■ **Action item**:
Lines from the first one down to the one containing "B2 S は Windows" in the data below are the only ones needed; please return them exactly, both ends included.

(Data excerpts Opens)

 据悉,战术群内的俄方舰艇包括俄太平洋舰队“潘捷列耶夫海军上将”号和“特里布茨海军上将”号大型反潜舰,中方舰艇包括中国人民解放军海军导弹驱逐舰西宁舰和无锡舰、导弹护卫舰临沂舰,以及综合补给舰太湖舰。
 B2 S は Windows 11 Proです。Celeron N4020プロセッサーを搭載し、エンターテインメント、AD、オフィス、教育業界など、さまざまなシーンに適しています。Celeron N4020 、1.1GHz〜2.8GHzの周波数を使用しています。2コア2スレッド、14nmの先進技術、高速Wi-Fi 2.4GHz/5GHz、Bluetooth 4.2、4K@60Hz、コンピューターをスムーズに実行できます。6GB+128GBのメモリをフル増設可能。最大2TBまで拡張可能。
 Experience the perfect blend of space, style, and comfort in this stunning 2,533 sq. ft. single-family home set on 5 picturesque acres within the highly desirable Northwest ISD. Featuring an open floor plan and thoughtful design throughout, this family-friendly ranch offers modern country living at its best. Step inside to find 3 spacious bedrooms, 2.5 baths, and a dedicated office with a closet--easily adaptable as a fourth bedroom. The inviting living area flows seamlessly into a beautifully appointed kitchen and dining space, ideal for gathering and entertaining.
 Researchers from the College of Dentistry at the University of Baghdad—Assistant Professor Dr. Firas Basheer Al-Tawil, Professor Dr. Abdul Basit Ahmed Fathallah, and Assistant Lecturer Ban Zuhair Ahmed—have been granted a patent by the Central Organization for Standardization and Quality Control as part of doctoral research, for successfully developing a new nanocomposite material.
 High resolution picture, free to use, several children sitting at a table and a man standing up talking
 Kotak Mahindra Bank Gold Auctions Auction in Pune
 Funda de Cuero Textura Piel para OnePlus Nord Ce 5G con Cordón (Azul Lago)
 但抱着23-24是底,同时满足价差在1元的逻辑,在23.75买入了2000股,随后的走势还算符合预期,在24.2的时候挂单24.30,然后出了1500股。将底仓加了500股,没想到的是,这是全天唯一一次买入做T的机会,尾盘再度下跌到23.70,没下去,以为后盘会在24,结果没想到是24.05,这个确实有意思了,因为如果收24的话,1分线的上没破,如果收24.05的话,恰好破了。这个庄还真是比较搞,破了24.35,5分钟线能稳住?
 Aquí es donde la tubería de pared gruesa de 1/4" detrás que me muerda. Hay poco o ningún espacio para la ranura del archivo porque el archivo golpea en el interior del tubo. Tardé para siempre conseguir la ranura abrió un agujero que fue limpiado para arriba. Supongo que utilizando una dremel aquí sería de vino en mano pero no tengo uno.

(Data excerpts Closes)

■ **Solution**:
 据悉,战术群内的俄方舰艇包括俄太平洋舰队“潘捷列耶夫海军上将”号和“特里布茨海军上将”号大型反潜舰,中方舰艇包括中国人民解放军海军导弹驱逐舰西宁舰和无锡舰、导弹护卫舰临沂舰,以及综合补给舰太湖舰。
 B2 S は Windows 11 Proです。Celeron N4020プロセッサーを搭載し、エンターテインメント、AD、オフィス、教育業界など、さまざまなシーンに適しています。Celeron N4020 、1.1GHz〜2.8GHzの周波数を使用しています。2コア2スレッド、14nmの先進技術、高速Wi-Fi 2.4GHz/5GHz、Bluetooth 4.2、4K@60Hz、コンピューターをスムーズに実行できます。6GB+128GBのメモリをフル増設可能。最大2TBまで拡張可能。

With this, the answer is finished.